START MATERIAL FOR THIS TASK

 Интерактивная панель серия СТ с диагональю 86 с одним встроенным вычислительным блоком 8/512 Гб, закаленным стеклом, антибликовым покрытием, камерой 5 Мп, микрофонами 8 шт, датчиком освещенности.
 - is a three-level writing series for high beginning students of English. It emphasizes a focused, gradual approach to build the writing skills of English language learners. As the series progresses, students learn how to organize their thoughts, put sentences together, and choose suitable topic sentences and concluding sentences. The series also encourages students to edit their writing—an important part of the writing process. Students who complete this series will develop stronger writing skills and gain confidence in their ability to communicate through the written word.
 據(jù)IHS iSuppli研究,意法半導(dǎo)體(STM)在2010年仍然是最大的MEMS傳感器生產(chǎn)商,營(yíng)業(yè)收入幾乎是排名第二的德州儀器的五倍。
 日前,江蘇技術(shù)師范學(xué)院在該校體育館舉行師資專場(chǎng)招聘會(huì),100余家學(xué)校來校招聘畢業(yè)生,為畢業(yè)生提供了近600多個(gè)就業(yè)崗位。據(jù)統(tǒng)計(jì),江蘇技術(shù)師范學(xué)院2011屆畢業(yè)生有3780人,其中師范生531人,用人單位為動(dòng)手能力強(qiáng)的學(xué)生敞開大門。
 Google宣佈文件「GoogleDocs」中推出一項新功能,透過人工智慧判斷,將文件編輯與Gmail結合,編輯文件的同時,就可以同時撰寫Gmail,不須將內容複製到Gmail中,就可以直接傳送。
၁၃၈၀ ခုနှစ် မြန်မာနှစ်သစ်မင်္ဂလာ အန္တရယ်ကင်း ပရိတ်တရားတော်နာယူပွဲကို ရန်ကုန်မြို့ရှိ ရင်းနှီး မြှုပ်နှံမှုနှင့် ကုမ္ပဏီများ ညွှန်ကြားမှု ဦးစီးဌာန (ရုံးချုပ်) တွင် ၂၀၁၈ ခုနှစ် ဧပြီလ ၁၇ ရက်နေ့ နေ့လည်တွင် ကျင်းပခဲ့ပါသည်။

END MATERIAL FOR THIS TASK
START MATERIAL FOR THIS TASK

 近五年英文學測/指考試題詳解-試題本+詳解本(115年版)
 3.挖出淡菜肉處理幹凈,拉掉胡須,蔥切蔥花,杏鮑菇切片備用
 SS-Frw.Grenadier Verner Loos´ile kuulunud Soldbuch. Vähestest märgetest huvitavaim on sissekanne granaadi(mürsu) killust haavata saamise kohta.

END MATERIAL FOR THIS TASK
START MATERIAL FOR THIS TASK

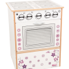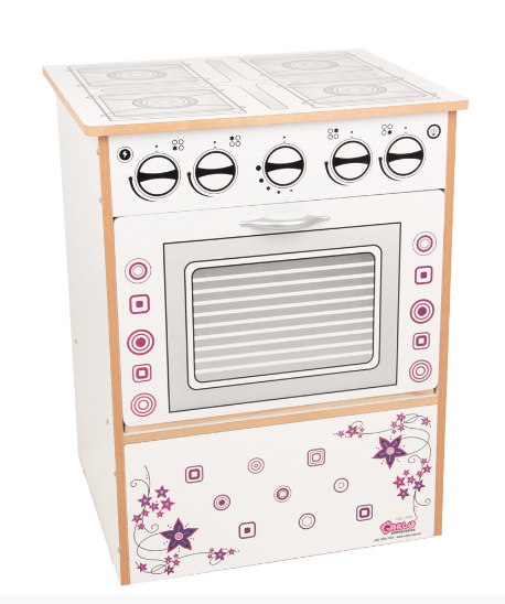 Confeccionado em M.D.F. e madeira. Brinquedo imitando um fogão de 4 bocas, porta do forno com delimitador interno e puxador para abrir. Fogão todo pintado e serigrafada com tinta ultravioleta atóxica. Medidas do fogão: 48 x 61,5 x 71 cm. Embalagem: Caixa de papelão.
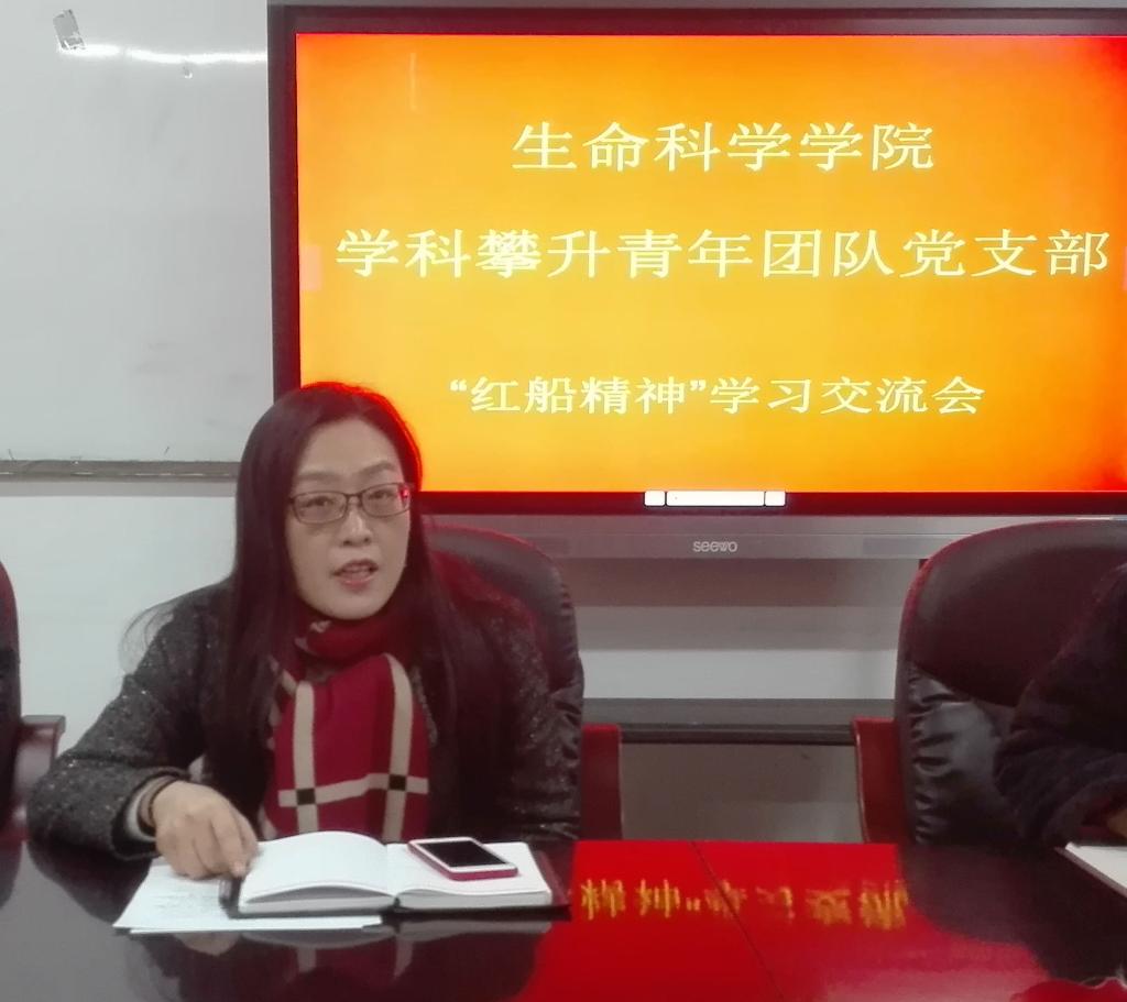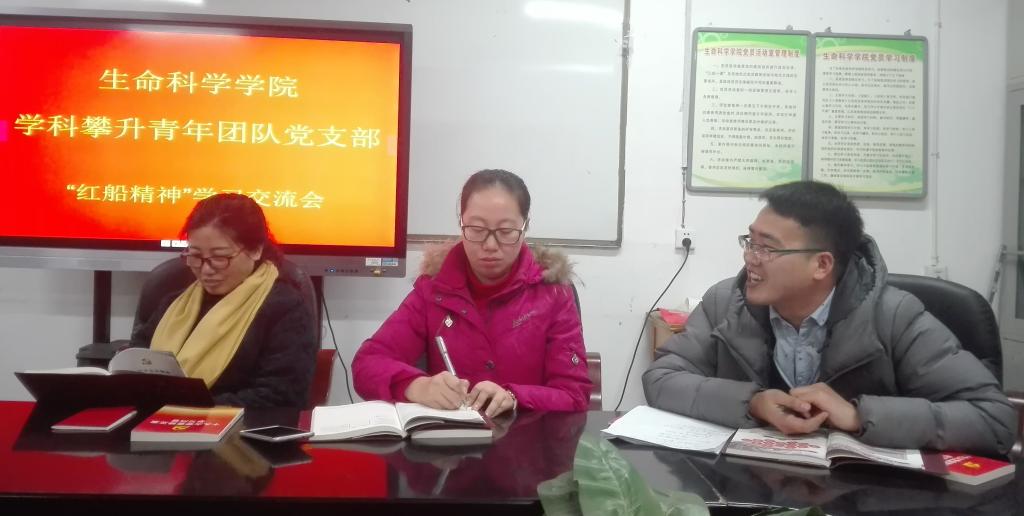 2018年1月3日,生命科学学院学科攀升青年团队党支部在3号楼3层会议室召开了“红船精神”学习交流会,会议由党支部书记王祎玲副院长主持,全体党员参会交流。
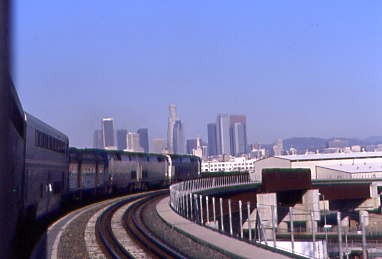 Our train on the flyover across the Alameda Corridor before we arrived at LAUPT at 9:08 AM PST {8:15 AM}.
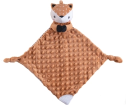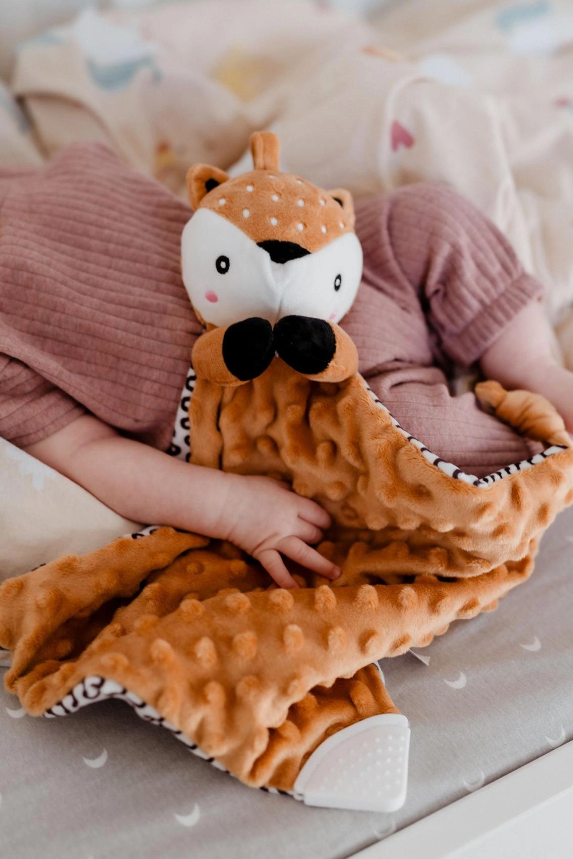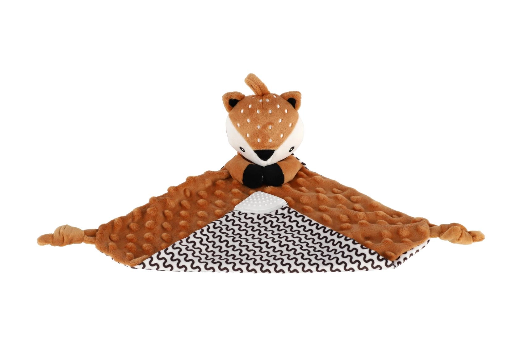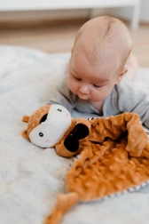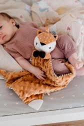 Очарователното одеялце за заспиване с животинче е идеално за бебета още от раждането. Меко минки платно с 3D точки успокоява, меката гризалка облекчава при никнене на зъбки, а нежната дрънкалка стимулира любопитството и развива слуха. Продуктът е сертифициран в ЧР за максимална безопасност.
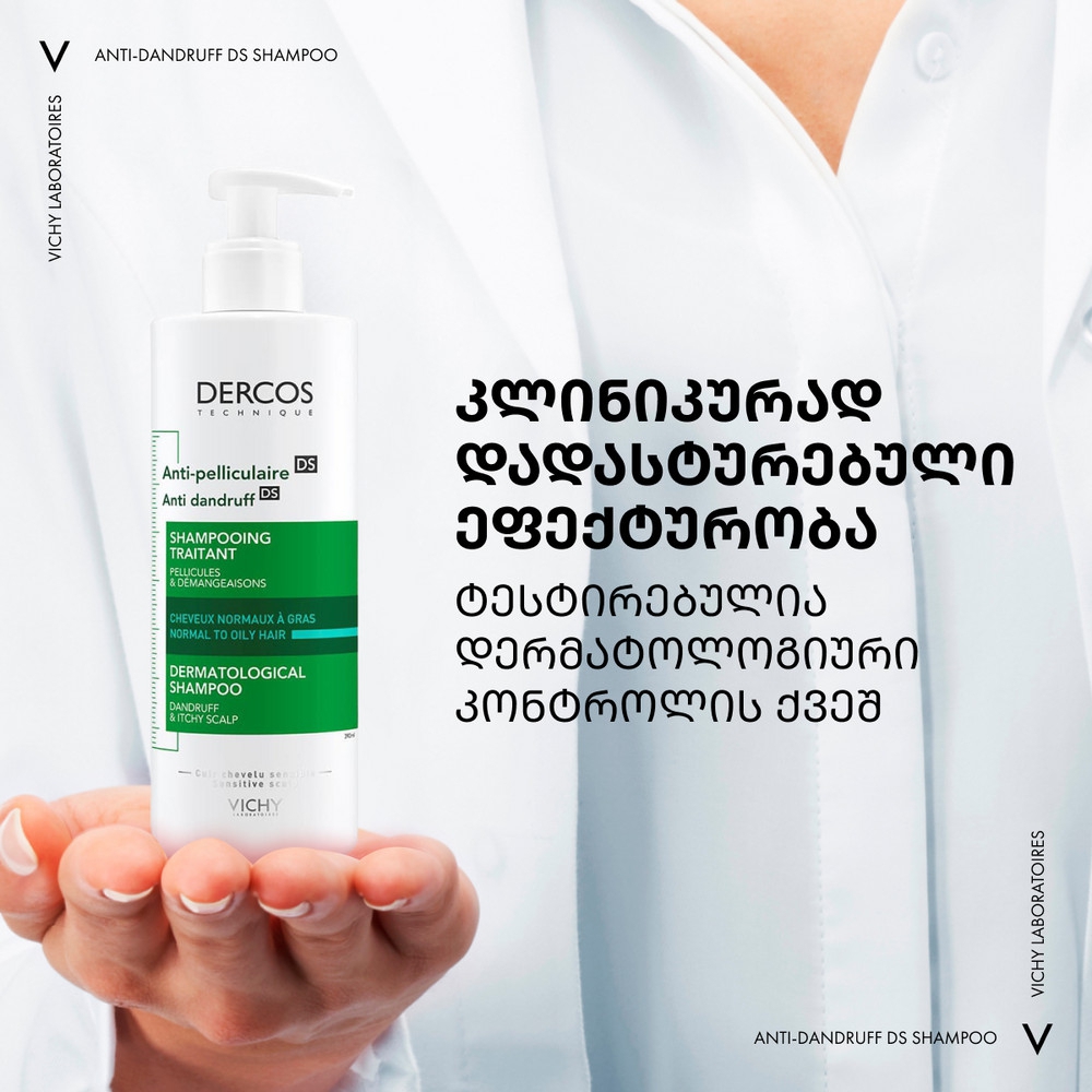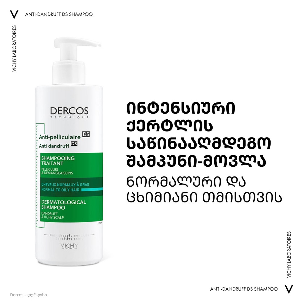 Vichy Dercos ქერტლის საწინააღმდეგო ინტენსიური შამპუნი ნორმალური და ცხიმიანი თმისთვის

END MATERIAL FOR THIS TASK

Could you set down, word for word, only the lines above from the line with "Google宣佈文件「Goo" to the line with "၁၃၈၀ ခုနှစ် မြန်မာနှစ်သစ်မင်္ဂလာ", including both?

» ANSWER SPACE
 Google宣佈文件「GoogleDocs」中推出一項新功能,透過人工智慧判斷,將文件編輯與Gmail結合,編輯文件的同時,就可以同時撰寫Gmail,不須將內容複製到Gmail中,就可以直接傳送。
၁၃၈၀ ခုနှစ် မြန်မာနှစ်သစ်မင်္ဂလာ အန္တရယ်ကင်း ပရိတ်တရားတော်နာယူပွဲကို ရန်ကုန်မြို့ရှိ ရင်းနှီး မြှုပ်နှံမှုနှင့် ကုမ္ပဏီများ ညွှန်ကြားမှု ဦးစီးဌာန (ရုံးချုပ်) တွင် ၂၀၁၈ ခုနှစ် ဧပြီလ ၁၇ ရက်နေ့ နေ့လည်တွင် ကျင်းပခဲ့ပါသည်။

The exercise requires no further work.